The overall results showed that the FDDS of the invention was capable of maintaining an increased nicotinamide plasma levels in vivo for a period of at least 8 hours after ingestion.

Example 6: Preparation of Floating Drug Delivery System with Levodopa and/or Carbidopa Materials

Levodopa (Ph.Eur.quality), Carbidopa (Ph.Eur.5.8 quality) and HPMC (Hypromellosum 4000 mPa·s., viscosity 2% m/V) were obtained from Bufa BV, Uitgeest, The Netherlands). Macrogol 6000 (Polyethylenglycolum 6000) was obtained from Fagron, The Netherlands. Eudragit RL PO (Pharma Polymere, Röhm GmbH) was obtained from Chemische Fabric, Kirschenallee, Darmstadt, Germany.

Methods

A number of different coating dispersions (also referred herein as “suspensions”) were prepared (see Table 6). The required amount of HPMC was weighted to a beaker and then mixed with Ethanol (100 ml). Subsequently, the active substances were added in the amounts indicated below. In parallel, in another beaker Macrogol 6000 was prepared by melting at a temperature not higher than 80° C., after melting, ethanol (50 ml) was added and subsequently the required amount of Eudragit RL PO was added. The cooled solution was mixed with the contents of the first beaker to provide a coating dispersion.

TABLE 6 composition of the different coating suspensions. Ingredient Coating 1 Coating 2 Coating 3 Coating 4 Coating 5 HPMC 4.0 g 4.0 g 5.0 g 5.0 g 4.0 g Eudragit RL 3.5 g 3.5 g 3.5 g 3.5 g 3.5 g PO Macrogol 1.0 g 1.0 g 1.0 g 1.5 g 1.0 g 6000 levodopa 6.0 g 7.0 g 7.0 g carbidopa 0.6 g 0.6 g 0.7 g 0.7 g Ethanol 150 ml 150 ml 150 ml 150 ml 150 ml

Hard gelatin capsules (No. 3) were coated with the different coating dispersions using an appropriate spray nozzle according to standard procedures.
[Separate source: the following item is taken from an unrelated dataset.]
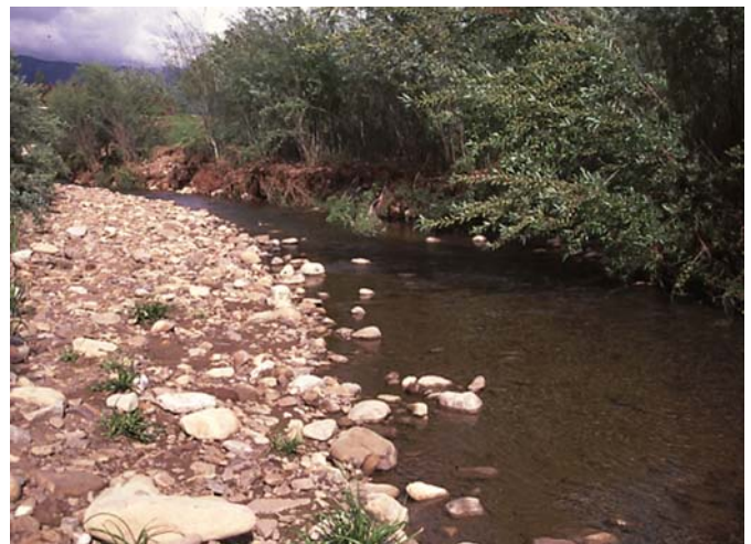
Fig. 16. San Antonio Creek, riffle habitat, Soule Golf Course, 7.0 mi above confluence of Ventura River, 4-15-01.

Briefly, the coating dispersion was sprayed onto the surface of the capsules rotating in a small container under a heated air stream until the required amount of drug-polymer mixture as determined by weight analysis was sprayed on the capsules.

Dissolution test were performed in a beaker with 500 ml of 0.1 M HCl at pH=1.03-1.09 at a temperature of 34-38° C. while stirring at 150 rpm using a magnetic stirrer.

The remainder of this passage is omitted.